Instructions to follow:
The listing below is to be copied exactly, with pictures excluded.

Dataset entries:
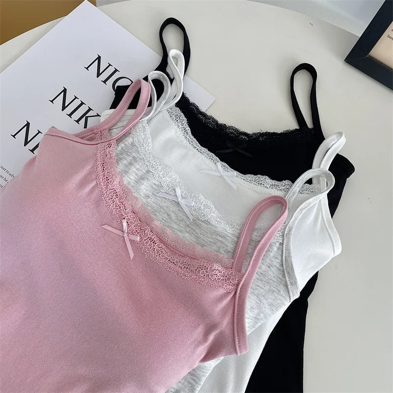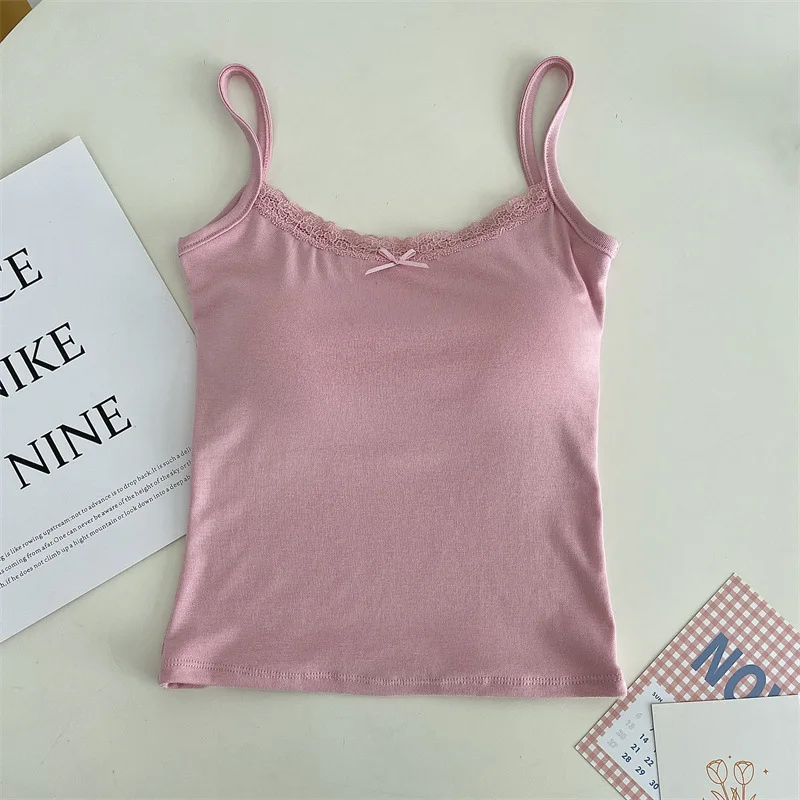 1pcs Girl Cute Padded Bra Tank Top Women Lace Casual Strap Top Vest Female Camisole With Removable Built In Bra Clothing
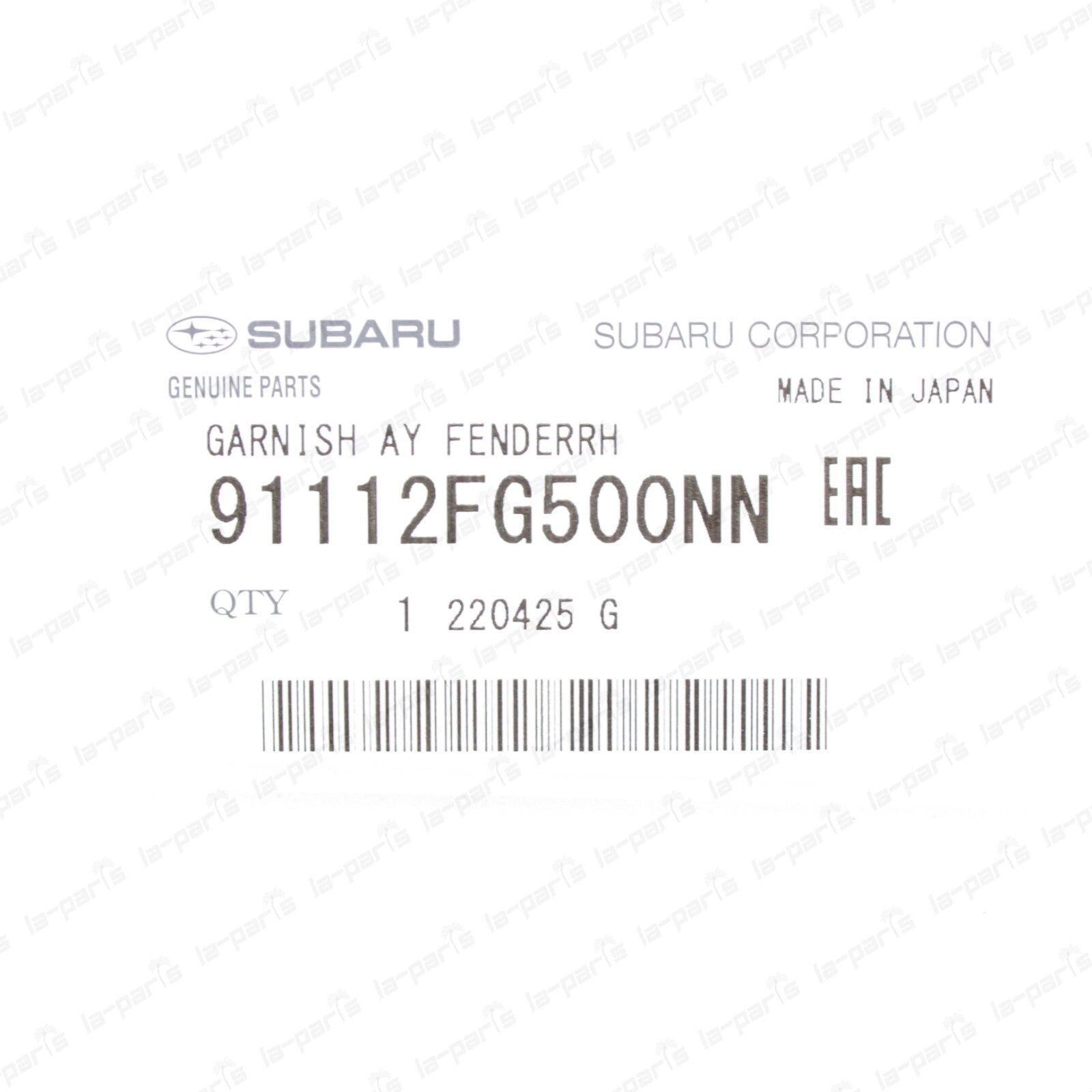 Genuine Subaru 11-14 Impreza WRX STi Right Fender Molding Garnish 91112FG500NN
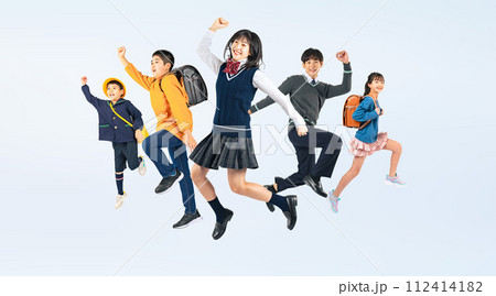 ジャンプする子供達のグループ 小中学生・幼稚園児
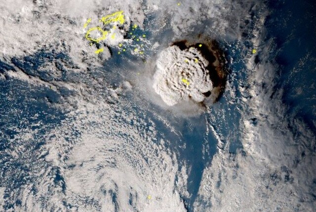 [写真:大規模噴火の噴煙をとらえた衛星画像
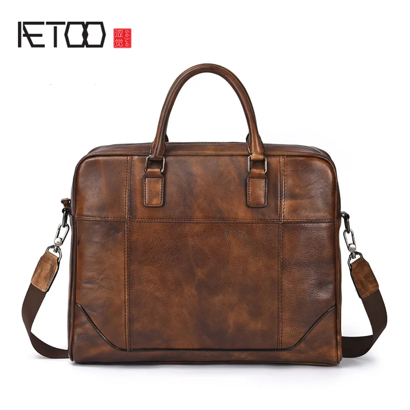 AETOO Leather men's handbag large capacity computer bag head-layer cowhide handmade briefcase vinta

Result of the exercise:
 1pcs Girl Cute Padded Bra Tank Top Women Lace Casual Strap Top Vest Female Camisole With Removable Built In Bra Clothing
 Genuine Subaru 11-14 Impreza WRX STi Right Fender Molding Garnish 91112FG500NN
 ジャンプする子供達のグループ 小中学生・幼稚園児
 [写真:大規模噴火の噴煙をとらえた衛星画像
 AETOO Leather men's handbag large capacity computer bag head-layer cowhide handmade briefcase vinta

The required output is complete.